Sensors for improving building performance are rapidly populating the market, driven in part by the drive to reduce greenhouse gas emissions resulting from energy production as well as improve the interior environment for healthy and more productive spaces. UC Berkeley has led wireless sensor development over the past 25 years (e.g., Telos mote), with the Hamilton (named after Alexander Hamilton on the US $10 bill) as the most recent. The Hamilton sensor was designed as a low-cost high-performance sensor that is modular and interoperable. The objective of the Hamilton project was to create, evaluate and establish the technological foundations for secure and easy to deploy building energy efficiency applications utilizing pervasive, low-cost wireless sensors integrated with traditional Building Management Systems (BMS), consumer-sector building components, and powerful data analytics.
The project included iterative hardware design, incorporating a high-performance database (BTrDb, http://btrdb.io/), creating and iterating the development of secure data middleware (BOSSwave, WAVE/WAVEMQ), working with and pushing the development of an open-source tiny operating system RiotOS, and implementing and improving protocols such as Thread/OpenThread and TCP/IP. The hardware benefited from careful design to drive down the cost; the design included a System-on-a-Chip (SoC), chip antenna, single crystal and five passive components. Careful design of the operating system created a low-power design to enable a long life with small batteries. The hardware included several sensors: temperature, radiant temperature, relative humidity, magnetometer, accelerometer, and light, with an optional occupancy (Passive InfraRed) sensor. The project was the basis of several applications, both internal to the research team and other researchers and professionals at other institutions. Several applications used the sensor hardware as the basis for other complex devices. Other applications used the sensors to improve building performance through interoperating with the building Heating Ventilation and Air-Conditioning (HVAC) system, such as using occupancy and/or distributed temperature sensing to reduce HVAC zone energy while still providing thermal comfort and to reduce peak loads in small commercial buildings. We demonstrated cloud-based energy analytics, implemented a schedule and a Model Predictive Controller in a small commercial building to optimize HVAC energy, occupancy and electricity price. Initial integration of these technological innovations was performed through the creation of execution containers containing the WAVE agent and various driver, proxy, or building system function logic.

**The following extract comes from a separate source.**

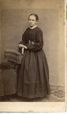Die Aufnahme zeigt eine junge Frau die in einem Fotostudio hinter einem Gebetsstuhl mit gedrechselter Rückenlehne steht. Der Stuhl hat einen gepolsterten Sitz sowie eine gepolsterte Armlehne mit langen Fransen.Die junge Frau trägt ein einfaches, bodenlanges dunkles Kleid mit langen Armen und einem kleinen weißen Bubikragen. Um die Taille trägt sie einen breiten Gürtel mit einer großen Schnalle. In den Händen hält sie ein Buch, welches auf der Armlehne aufliegt. Ihre glatten Haare sind in der Mitte gescheitelt, streng nach hinten gekämmt und am Hinterkopf zusammen gesteckt. Leicht nach links gedreht schaut sie an der Kamera vorbei. Das Foto entstand im Studio L. Büschfeldt in Dresden, Waisenhaus-Strasse, Nr. 30. Auf der Rückseite befindet sich das Emblem des Fotostudios.

The research added to the understanding of efficient sensor hardware, secure middleware, time-series data management (high performance database), efficient communication protocols, and interoperating with applications and building systems. The project showed the technical effectiveness and economic feasibility of creating a low-cost, modular, and easy-to-deploy sensor. Through conversations with multiple end users, the research team discovered that many customers wanted data management and services in addition to the sensors. HamiltonIOT developed packages of sensors, border router, and data services to provide a seamless “plug-and-play” sensor deployment. Some customers were willing to pay for higher quality sensors (such as light); some customers wanted a robust enclosure (waterproof).